The whole idea that our personal data could be indexed by Google without us even knowing it is more than daunting, it’s downright scary. NAS, network attached storage, devices are becoming one of the more popular devices to backup to in small businesses. Which is great, as they are typically very easy to setup and get backups going to them using backup software. But what a lot of people don’t think about when they buy and setup a NAS device, is that other software and services are included and installed on that NAS, unless of course, they were looking for a specific feature when researching the right device to meet their needs. NAS device manufacturers are putting all sorts of little services and features into their devices in order to try to distinguish their NAS devices from others or to target a specific market. What people don’t realize is that some of these features that connect to the cloud are enabled by default and could be exposing their private and important data to the internet without their knowledge, depending on how they are using the NAS device.
NAS Devices and Privacy: Are you unknowingly leaving your important data open to the internet?
An investigation by CSO, a company focused on providing news, analysis and research on security and risk management, reveals that some NAS devices and external hard disks connected to routers with FTP enabled have been indexed by Google. That means that the personal files on these devices have been open to the internet, which can be found via a simple Google search. CSO goes on to explain an example, in which they found what they considered to be a backup of a family’s computer stretching all the way back to 2009 via Google. CSO points out that users with Seagate Personal Cloud, Seagate Business NAS, Western Digital My Cloud and LaCie CloudBox hardware have in particular been affected since these devices come from the factory with some of these features already enabled. If you are worried that you might be in a similar situation, and are concerned about exposing data that you did not want to expose, CSO has a very thorough guide explaining how you can go about checking whether any of your files have been indexed via Google.
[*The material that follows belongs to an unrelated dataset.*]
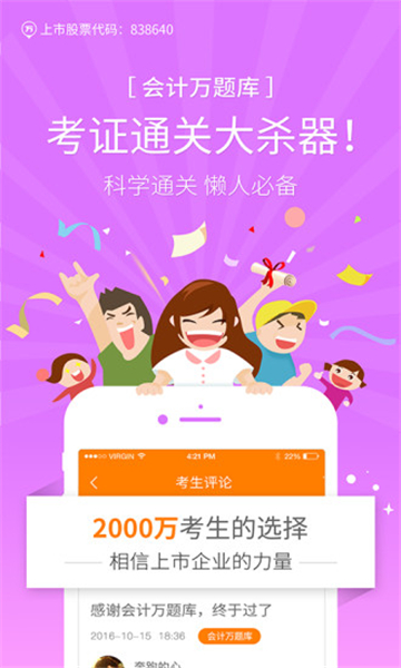 会计万题库是一款受欢迎的学习APP,提供免费的会计类题库、视频课程和全天免费直播。不论是自学还是学校学习,都能帮助考生快速通过会计考试。应用具有丰富的试题选择、智能出题和成绩预测等功能,同时提供精彩的视频解析,帮助学生更好地理解和掌握知识。适用于准备考会计的学生,并且得到了数十万用户的热评和推荐。

Besides locking down your NAS and other cloud connected devices, you want to be careful how you store the data on your devices. For instance, instead of just simply copying their data to a NAS device, if the family in the example above had diligently back up to their NAS device using a piece of software such as NovaBACKUP to backup to the NAS, in at the very least an archive type format or even better an encrypted archive format their data would not have been nearly as easily retrieved. Just think, if that NAS device that was open to the internet contained business critical documents, or worse medical patient records that were exposed, the ramifications could be significant. Take this as a wake up call to at the very least check to see what your NAS device and other storage devices can do, what is enabled, and how you are storing data to your NAS device.